I have spent a lot of time thinking about this and believe that the most straight forward solution for long running (or even forever running) workflows is to allow hot upgrades.

A hot upgrade would only succeed if you can exactly replay the existing side effect log history with the new code. Basically you do a catchup with the new code and just keep running once you catch up. If the new code diverges, the hot upgrade would fail and revert to the old one. In this case, a human would need to intervene and check what went wrong.

There are other approaches, but I feel like this is the simples one to understand and use in practice. During development you can already test if your code diverges, using existing logs.

burntcaramel · on Oct 25, 2023

Is this the problem where you have workflows live and in progress, yet you want to update the workflow and have things not break? Would you want to have multiple versions at once, or rather some way to migrate the in progress ones to the latest workflow definition?

spiffytech · on Oct 25, 2023

The latter.

For short lived workflows, you may not care about updating; just let it finish.

For longer jobs, you want some way to replace the current logic and either resume from where the job left off, or restart it idempotently. Especially if your workflow spans months or years (which at least some of these systems are designed for).

The challenge is these systens shine when you manage the job state in-memory, but they don't "store" the data in a traditional sense. They just replay your logic and replay the original I/O results. So if your logic changes, the replay breaks and your state goes bye-bye.

(I think of it similarly to React's "rules of hooks": you can't do anything that makes the function call key APIs in a different order than previous executions)

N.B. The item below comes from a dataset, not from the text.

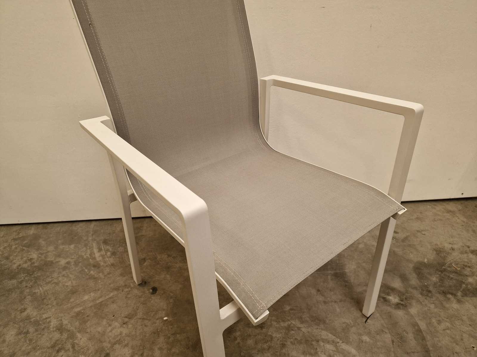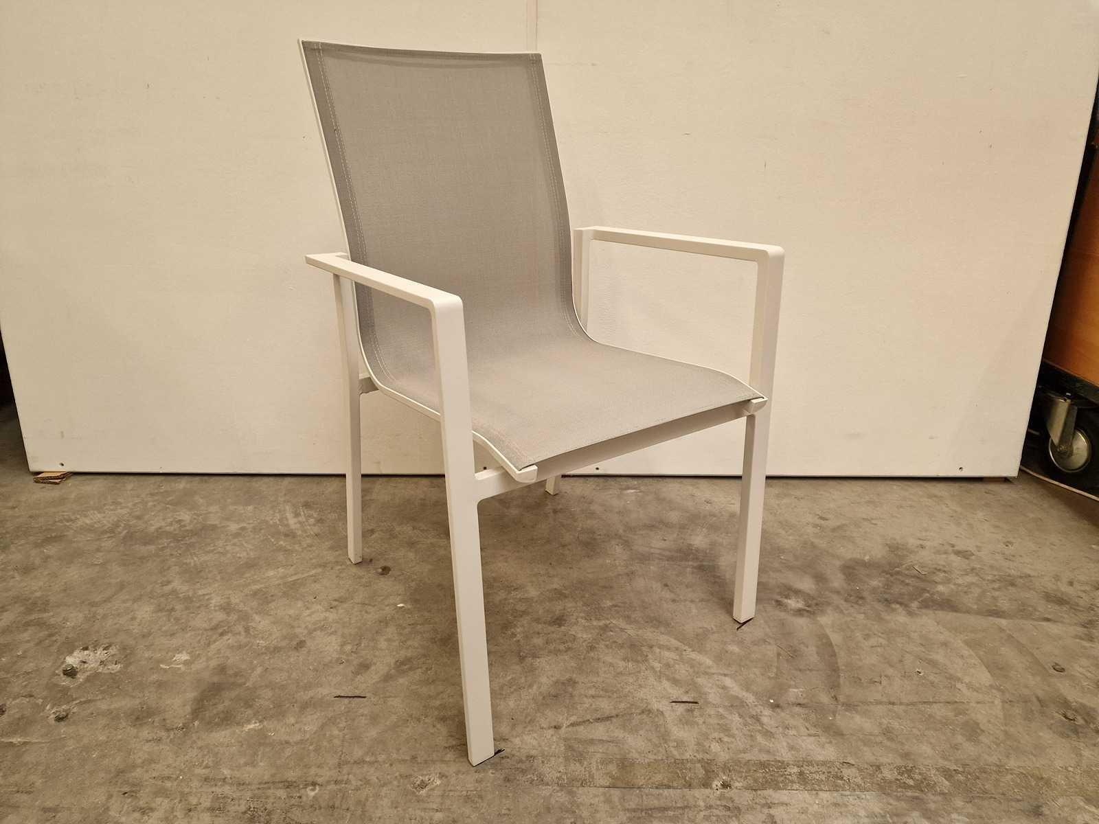 2 x Garden Prestige - Alu Stapelstoel Napoli met Armleuning Wit - Textilene Lichtgrijs - Stapelbaar No Merk: Garden Prestige Model: Napoli Kleur: Wit

So you either accept that you can never update an in-flight job (in a meaningful way, at least), or you track job state in some other system and throw away the distinguishing feature of these systems.

I'm curious how people normally handle this. When I worked with Azure Durable Functions I couldn't find a way around this.

joshfee · on Oct 25, 2023

I think the problem works both ways too, because for an in progress (but long-running) workflow, you may not want to retroactively apply your new business logic for the part that's already run because that would be unexpected. But for the logic that hasn't run yet, you would certainly want the latest and greatest.

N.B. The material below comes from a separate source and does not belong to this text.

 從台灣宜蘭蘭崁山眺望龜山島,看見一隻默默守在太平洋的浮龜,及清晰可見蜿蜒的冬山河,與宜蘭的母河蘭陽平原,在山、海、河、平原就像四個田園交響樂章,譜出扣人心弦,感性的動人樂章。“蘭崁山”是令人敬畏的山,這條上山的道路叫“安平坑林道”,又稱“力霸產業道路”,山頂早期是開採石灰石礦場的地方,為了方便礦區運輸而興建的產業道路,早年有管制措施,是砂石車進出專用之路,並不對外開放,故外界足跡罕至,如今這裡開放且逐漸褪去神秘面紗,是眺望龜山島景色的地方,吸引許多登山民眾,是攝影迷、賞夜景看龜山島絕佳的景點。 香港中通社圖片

I wonder if there could be an approach where you have both versions live simultaneously, and introduce some sort of "checkpoint" into the old version that would act similar to a DB migration. When re-computing a workflow you could then start from the latest checkpoint, but any workflows that were created with the old version that haven't reached a checkpoint would continue to run the old code until it does.

jen20 · on Oct 25, 2023

You’d likely want either option depending on the lifetime.

jiehong · on Oct 25, 2023

True. That’s one thing well handled by conductor instead.